## WORK TO BE COMPLETED
The listing below must be repeated word for word, without its pictures.

## GIVEN MATERIAL
***

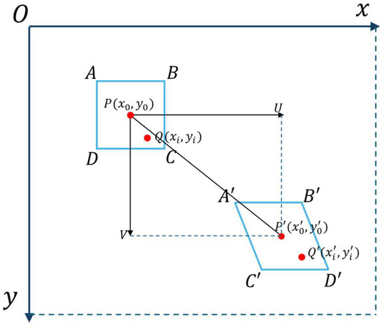 DIC was employed as the primary full-field deformation monitoring technique. This method computes displacement fields by correlating intensity distributions of sub-regions, as the reference, and deformed specimen images [30]. As depicted in Figure 5, a subset, , that is centered at deforms to with a new centroid . The displacement of any point to is defined by a first-order shape function:
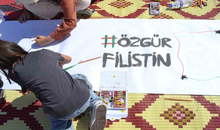 Balıkesir’de bir araya gelen çocuklar ve yetişkinler, İsrail’in Filistin’e karşı gerçekleştirdiği saldırılara tepki göstermek ve bu konuda farkındalık oluşturmak amacıyla anlamlı bir etkinlik düzenledi. Etkinlikte, katılımcılar duygularını ve düşüncelerini resimlerle ifade etti.
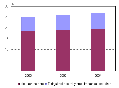 Korkeasti koulutettu väestö, osuus 16-74-vuotiaista vuosina 2000-2004

***

## TASK OUTPUT
 DIC was employed as the primary full-field deformation monitoring technique. This method computes displacement fields by correlating intensity distributions of sub-regions, as the reference, and deformed specimen images [30]. As depicted in Figure 5, a subset, , that is centered at deforms to with a new centroid . The displacement of any point to is defined by a first-order shape function:
 Balıkesir’de bir araya gelen çocuklar ve yetişkinler, İsrail’in Filistin’e karşı gerçekleştirdiği saldırılara tepki göstermek ve bu konuda farkındalık oluşturmak amacıyla anlamlı bir etkinlik düzenledi. Etkinlikte, katılımcılar duygularını ve düşüncelerini resimlerle ifade etti.
 Korkeasti koulutettu väestö, osuus 16-74-vuotiaista vuosina 2000-2004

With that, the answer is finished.